Historian Gerald Prokopowicz has noted what some viewers have long suspected: French's Lincoln may hold his hands in shapes that approximate the American Sign Language letters A and L. French had a deaf son and was familiar with sign language. Lincoln, as president, had signed the legislation giving Gallaudet University - then the only college for the deaf in the country - the authority to grant degrees. No documents confirm French's intent, but the theory has not been refuted either. Below the memorial sits an undercroft, a vast lower chamber where workers scrawled graffiti during construction.

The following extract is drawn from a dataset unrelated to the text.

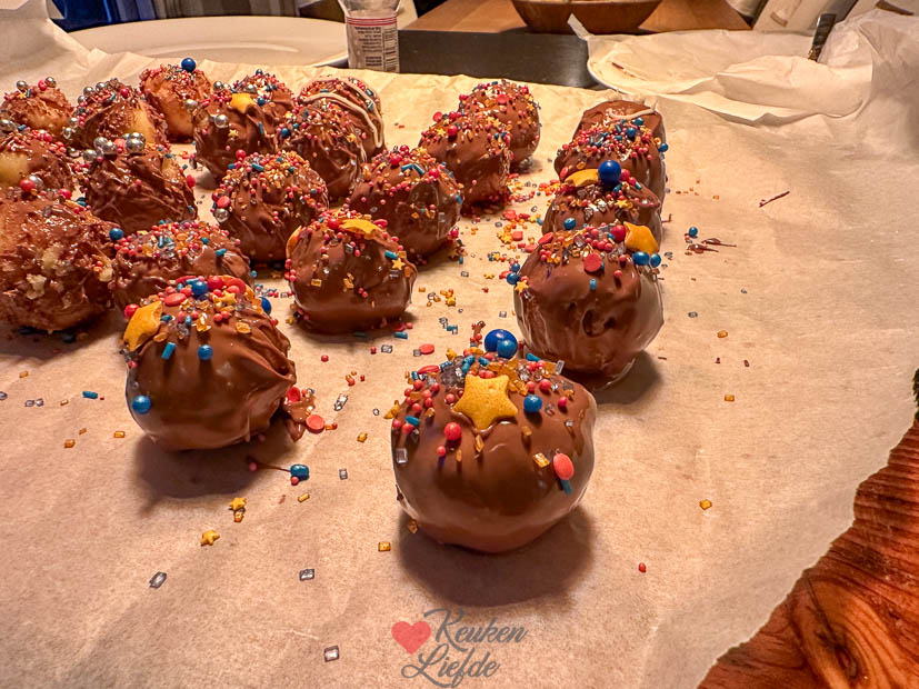 5 december. De tiener is vroeg thuis vandaag en duikt de keuken in om cakepops zonder stokje te maken. Maar wel met heel veel suikerstrooisels (die ik een week later nog overal terugvind). ’s Avonds is het pakjesavond en gaan we gezellig kaasfonduen. Ik mocht vandaag ook het eerste BK pakje openmaken, zie de reels in onze IG voor het unboxing filmpje.

Over decades, water seeping through the marble's calcium carbonate formed actual stalactites and stalagmites - a small cave growing beneath the temple. Tours of the space stopped in 1989 after asbestos was found. For the memorial's centennial in 2022, philanthropist David Rubenstein funded a $69 million project to rehabilitate roughly 15,000 square feet of the 43,800 square-foot undercroft - opening it as a museum, theater, and exhibit space by 2026, with glass walls revealing the cathedral-like cavern below.
The Lincoln Memorial sits at 38.8893 N, 77.0502 W, at the western end of the National Mall, immediately west of the Reflecting Pool. Best viewed from 1,500 to 2,500 feet AGL. The white Yule marble temple is unmistakable from above; the long axis of the Reflecting Pool extends due east toward the Washington Monument. Reagan National (KDCA) lies two nautical miles south. The Memorial sits within the Washington Flight Restricted Zone; GA overflight prohibited. Aerial views require approved operations or vantage from beyond the FRZ. The memorial appears most dramatic at sunrise or in the hour before sunset, when low light angles strike the eastern columns. More than seven million people visit annually.